Re: Re: Parallel scan with SubTransGetTopmostTransaction assert coredump

From: Greg Nancarrow <gregn4422(at)gmail(dot)com>
To: Pengchengliu <pengchengliu(at)tju(dot)edu(dot)cn>
Cc: Andres Freund <andres(at)anarazel(dot)de>, PostgreSQL-development <pgsql-hackers(at)postgresql(dot)org>
Subject: Re: Re: Parallel scan with SubTransGetTopmostTransaction assert coredump
Date: 2021-05-20 06:08:36
Message-ID: CAJcOf-dVeKS2YJaS_BVdF7ghQ=xFj2d68TzGjYCvzo8cM0FtDQ@mail.gmail.com
Views: Raw Message | Whole Thread | Download mbox | Resend email
Thread:
Lists: pgsql-hackers

On Thu, May 20, 2021 at 11:18 AM Pengchengliu <pengchengliu(at)tju(dot)edu(dot)cn> wrote:
>
> Hi Greg,
> Thanks a lot for you explanation and your fix.
>
> I think your fix can resolve the core dump issue. As with your fix, parallel process reset Transaction Xmin from ActiveSnapshot.
> But it will change Transaction snapshot for all parallel scenarios. I don't know whether it bring in other issue.
> For test only, I think it is enough.
>
> So is there anybody can explain what's exactly difference between ActiveSnapshot and TransactionSnapshot in parallel work process.
> Then maybe we can find a better solution and try to fix it really.
>

I am proposing the attached patch to fix this issue (patches for both
PG13.2 and latest PG14 source are provided).

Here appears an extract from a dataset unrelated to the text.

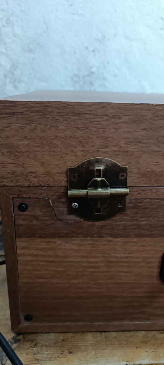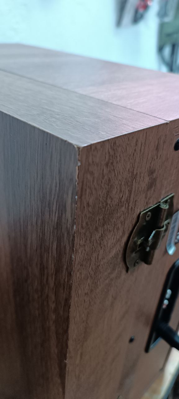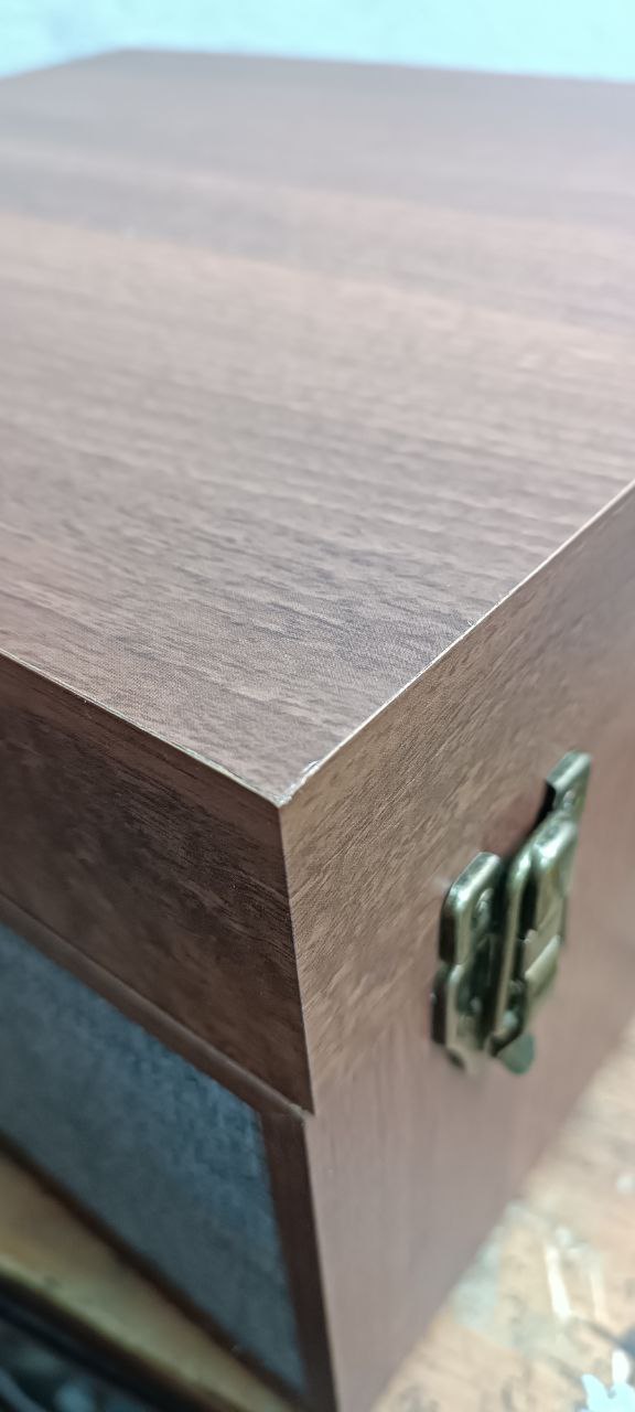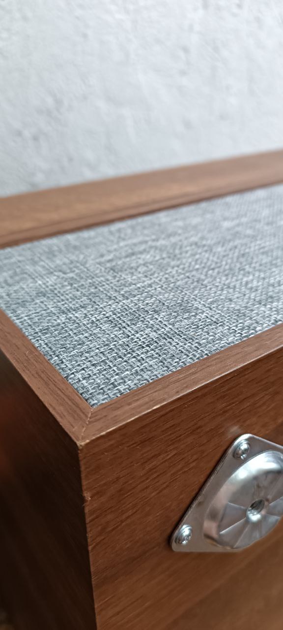 Класичний програвач, корпус стилізований під дерево, тканинні динаміки…

Perhaps this will trigger others who better know the intricacies of
snapshot handling, and know the reasons and history behind why the
transaction_snapshot and active_snapshot are currently passed
separately to parallel workers, to speak up here and discuss the issue
further, and check my fix (and note, I haven't attempted to modify
README.parallel in the patch until I get further clarification on this
issue).
Perhaps someone can explain the purpose of calling
GetTransactionSnapshot() AGAIN in InitializeParallelDSM() and how is
this consistent with the current ActiveSnapshot?
AFAICS, that doesn't seem correct, and that's why the patch removes it.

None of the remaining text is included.